> Entries supplied:
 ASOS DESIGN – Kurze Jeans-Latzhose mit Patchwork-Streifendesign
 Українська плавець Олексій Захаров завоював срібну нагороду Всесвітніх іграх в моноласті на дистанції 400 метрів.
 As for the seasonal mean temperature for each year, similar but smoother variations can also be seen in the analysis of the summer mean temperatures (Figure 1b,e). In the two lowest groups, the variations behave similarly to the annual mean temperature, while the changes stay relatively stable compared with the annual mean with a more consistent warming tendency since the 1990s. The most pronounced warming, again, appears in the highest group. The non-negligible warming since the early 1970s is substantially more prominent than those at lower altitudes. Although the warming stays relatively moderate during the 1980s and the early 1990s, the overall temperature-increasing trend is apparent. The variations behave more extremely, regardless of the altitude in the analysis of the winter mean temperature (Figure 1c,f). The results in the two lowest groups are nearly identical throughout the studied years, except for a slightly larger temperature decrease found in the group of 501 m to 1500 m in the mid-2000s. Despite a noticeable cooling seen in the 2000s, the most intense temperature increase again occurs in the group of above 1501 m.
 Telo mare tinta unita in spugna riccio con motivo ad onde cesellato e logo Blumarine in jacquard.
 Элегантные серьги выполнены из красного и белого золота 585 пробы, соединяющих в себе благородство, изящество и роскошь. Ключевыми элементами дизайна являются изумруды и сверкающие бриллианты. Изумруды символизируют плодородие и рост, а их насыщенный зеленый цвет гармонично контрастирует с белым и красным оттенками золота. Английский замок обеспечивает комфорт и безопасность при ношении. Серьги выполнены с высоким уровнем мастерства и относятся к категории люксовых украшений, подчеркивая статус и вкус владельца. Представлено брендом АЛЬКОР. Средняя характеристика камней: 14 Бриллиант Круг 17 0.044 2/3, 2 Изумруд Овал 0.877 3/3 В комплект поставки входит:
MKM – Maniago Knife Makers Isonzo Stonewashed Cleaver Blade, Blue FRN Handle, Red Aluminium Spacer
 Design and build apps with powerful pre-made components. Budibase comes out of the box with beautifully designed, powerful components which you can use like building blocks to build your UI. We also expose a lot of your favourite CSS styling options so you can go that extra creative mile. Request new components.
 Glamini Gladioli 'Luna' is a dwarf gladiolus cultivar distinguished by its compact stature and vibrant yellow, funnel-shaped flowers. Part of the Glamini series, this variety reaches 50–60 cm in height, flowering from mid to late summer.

--

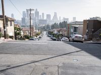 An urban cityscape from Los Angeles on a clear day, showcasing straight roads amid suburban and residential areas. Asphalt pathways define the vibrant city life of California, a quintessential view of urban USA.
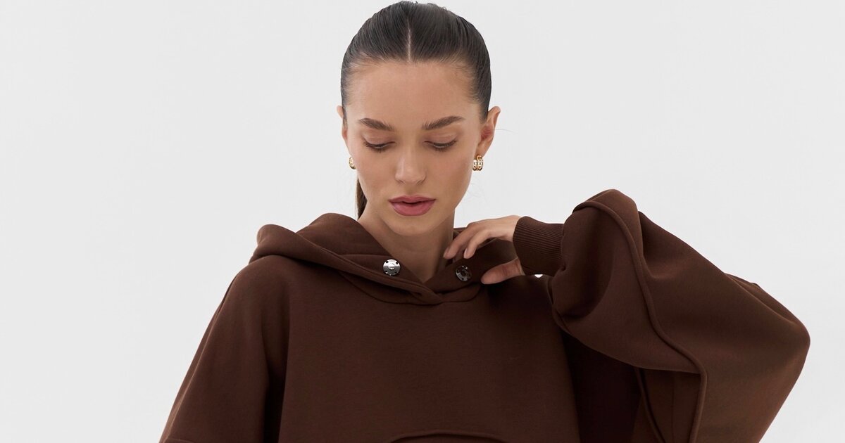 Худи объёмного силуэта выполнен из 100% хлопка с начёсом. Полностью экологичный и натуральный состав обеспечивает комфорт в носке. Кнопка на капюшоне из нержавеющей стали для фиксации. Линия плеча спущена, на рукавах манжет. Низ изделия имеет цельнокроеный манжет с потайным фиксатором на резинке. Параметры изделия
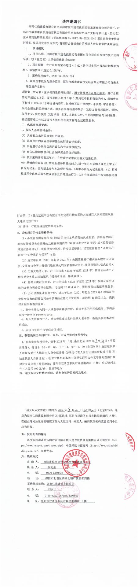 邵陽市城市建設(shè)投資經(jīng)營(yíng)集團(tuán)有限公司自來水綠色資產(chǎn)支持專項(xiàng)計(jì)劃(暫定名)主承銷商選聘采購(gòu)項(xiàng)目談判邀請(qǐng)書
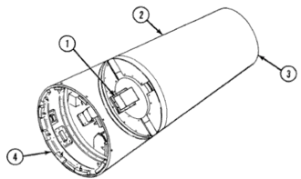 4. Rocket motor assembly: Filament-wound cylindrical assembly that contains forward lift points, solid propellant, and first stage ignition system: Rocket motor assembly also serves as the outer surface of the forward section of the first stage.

---

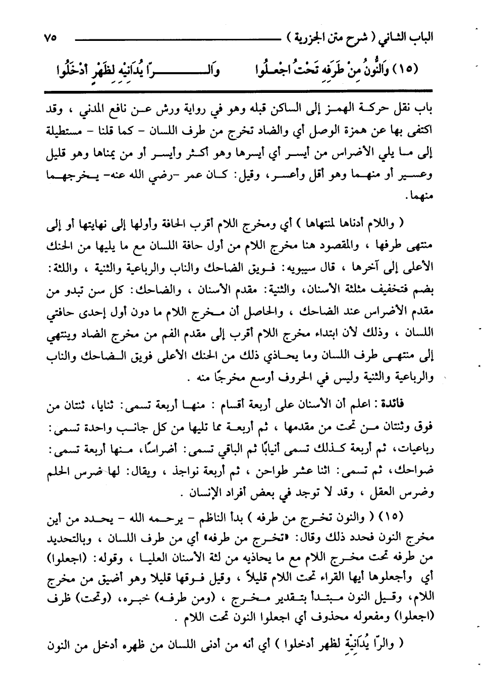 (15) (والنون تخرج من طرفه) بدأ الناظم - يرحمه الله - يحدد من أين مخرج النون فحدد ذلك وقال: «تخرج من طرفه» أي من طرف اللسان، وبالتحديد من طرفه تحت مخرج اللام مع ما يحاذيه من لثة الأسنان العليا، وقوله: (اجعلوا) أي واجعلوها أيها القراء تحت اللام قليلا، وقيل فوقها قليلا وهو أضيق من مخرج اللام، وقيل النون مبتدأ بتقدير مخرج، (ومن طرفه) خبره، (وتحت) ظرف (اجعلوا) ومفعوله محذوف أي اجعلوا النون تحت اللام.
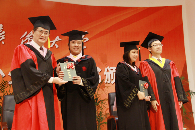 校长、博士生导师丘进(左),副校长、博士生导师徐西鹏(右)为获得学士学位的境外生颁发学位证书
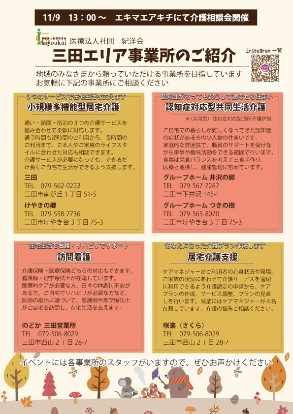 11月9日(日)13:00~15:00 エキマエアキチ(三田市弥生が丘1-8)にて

> What you will do: Output only an exact transcription of the lines above from the one with "ASOS DESIGN –" up to and including the one with "Українська плавець Олексій".

> Solution for this problem:
 ASOS DESIGN – Kurze Jeans-Latzhose mit Patchwork-Streifendesign
 Українська плавець Олексій Захаров завоював срібну нагороду Всесвітніх іграх в моноласті на дистанції 400 метрів.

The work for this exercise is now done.